--- Exercise requirements ---
Would you print every entry below exactly as written, omitting the images?

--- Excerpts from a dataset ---
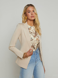 The ultimate single-breasted blazer, now in a neutral knit. • Lightweight stretch knit • Strong shoulders • Flap pockets • Embossed dome button closure Style No. 80034NXT2-CHGL DETAILS & FIT - Model Details: Height 5'9" | Bust 32" | Waist 24" | Hips 34" | Wearing Size XS - About 26.8" From Shoulder to Hem - Sleeve Length: 22.75" MATERIALS & CARE Composition - 80% Rayon 18% Nylon 2% Spandex - Imported Care - Dry clean only
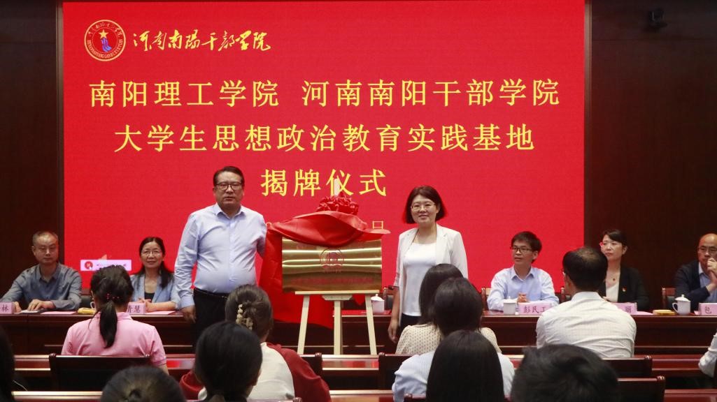 王楷楠在致辞中表示,南阳干部学院与南阳理工学院有着良好的交流合作基础,此次实践基地挂牌将进一步拓宽双方合作的广度、深度,必将加快双方在教育教学、理论研究和师资队伍建设方面的深度融合,提升办学实力和社会影响力。她希望,双方携手并肩把南水北调精神学习好宣讲好,同心协力把思想政治教育教学实践基地办出水平、办出质量、办出品牌。
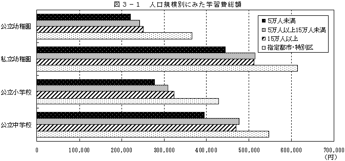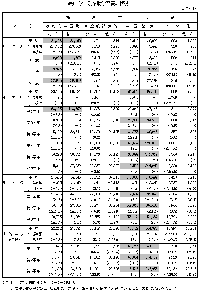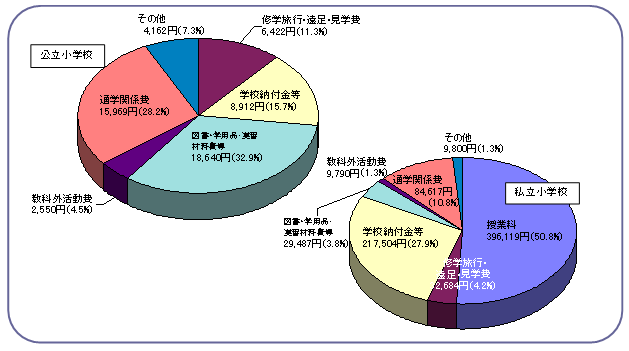 幼稚園は公立25万1千円(対前回調査伸び率5.5パーセント),私立53万8千円(同5.7パーセント),小学校は公立33万4千円(同6.4パーセント),私立137万3千円(前回未調査),中学校は公立47万2千円(同0.6パーセント),私立126万9千円(同
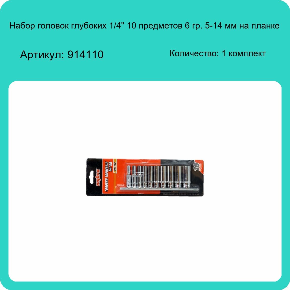 Набор головок торцевых глубоких 1/4"DR на держателе, 5-14 мм, 10 предметов 914110
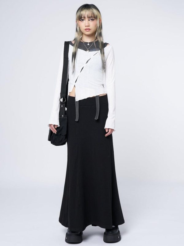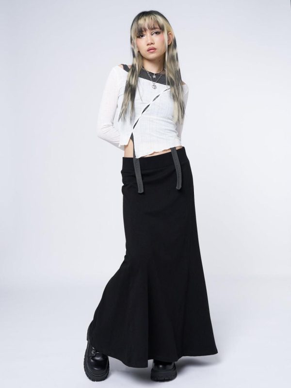 - Lined maxi skirt in black
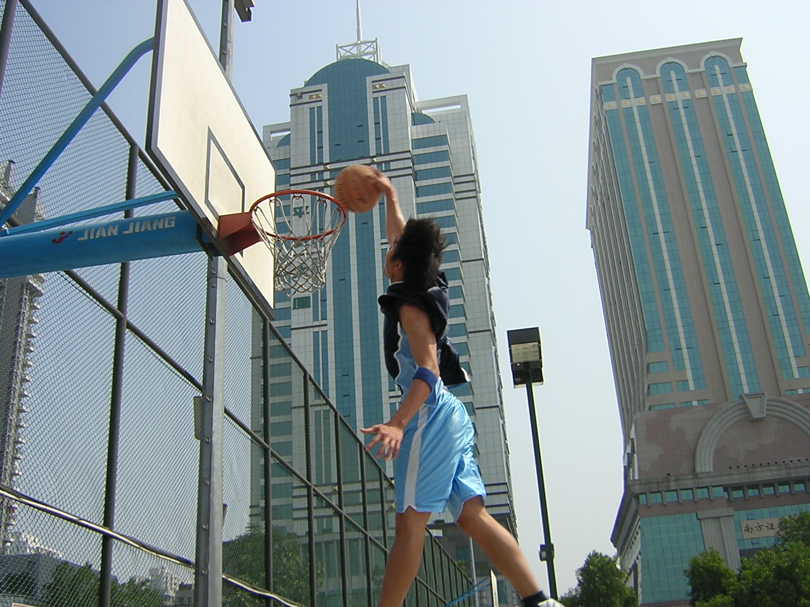 晕``难道现在在一中的师弟都跳不起来了~~我们那届同学很多人扣篮都是松松的`还有些去广州参加扣篮比赛拿亚军~`(当然`除了我~我比较勉强~~哈)
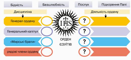 За допомогою QR-коду перегляньте відео від каналу «Нова школа» на тему «Реформація і Контрреформація. Крок 11. Орден єзуїтів». Скористайтеся набутими знаннями і за допомогою матеріалів параграфа доповніть інфографіку.

--- Exercise solution ---
 The ultimate single-breasted blazer, now in a neutral knit. • Lightweight stretch knit • Strong shoulders • Flap pockets • Embossed dome button closure Style No. 80034NXT2-CHGL DETAILS & FIT - Model Details: Height 5'9" | Bust 32" | Waist 24" | Hips 34" | Wearing Size XS - About 26.8" From Shoulder to Hem - Sleeve Length: 22.75" MATERIALS & CARE Composition - 80% Rayon 18% Nylon 2% Spandex - Imported Care - Dry clean only
 王楷楠在致辞中表示,南阳干部学院与南阳理工学院有着良好的交流合作基础,此次实践基地挂牌将进一步拓宽双方合作的广度、深度,必将加快双方在教育教学、理论研究和师资队伍建设方面的深度融合,提升办学实力和社会影响力。她希望,双方携手并肩把南水北调精神学习好宣讲好,同心协力把思想政治教育教学实践基地办出水平、办出质量、办出品牌。
 幼稚園は公立25万1千円(対前回調査伸び率5.5パーセント),私立53万8千円(同5.7パーセント),小学校は公立33万4千円(同6.4パーセント),私立137万3千円(前回未調査),中学校は公立47万2千円(同0.6パーセント),私立126万9千円(同
 Набор головок торцевых глубоких 1/4"DR на держателе, 5-14 мм, 10 предметов 914110
 - Lined maxi skirt in black
 晕``难道现在在一中的师弟都跳不起来了~~我们那届同学很多人扣篮都是松松的`还有些去广州参加扣篮比赛拿亚军~`(当然`除了我~我比较勉强~~哈)
 За допомогою QR-коду перегляньте відео від каналу «Нова школа» на тему «Реформація і Контрреформація. Крок 11. Орден єзуїтів». Скористайтеся набутими знаннями і за допомогою матеріалів параграфа доповніть інфографіку.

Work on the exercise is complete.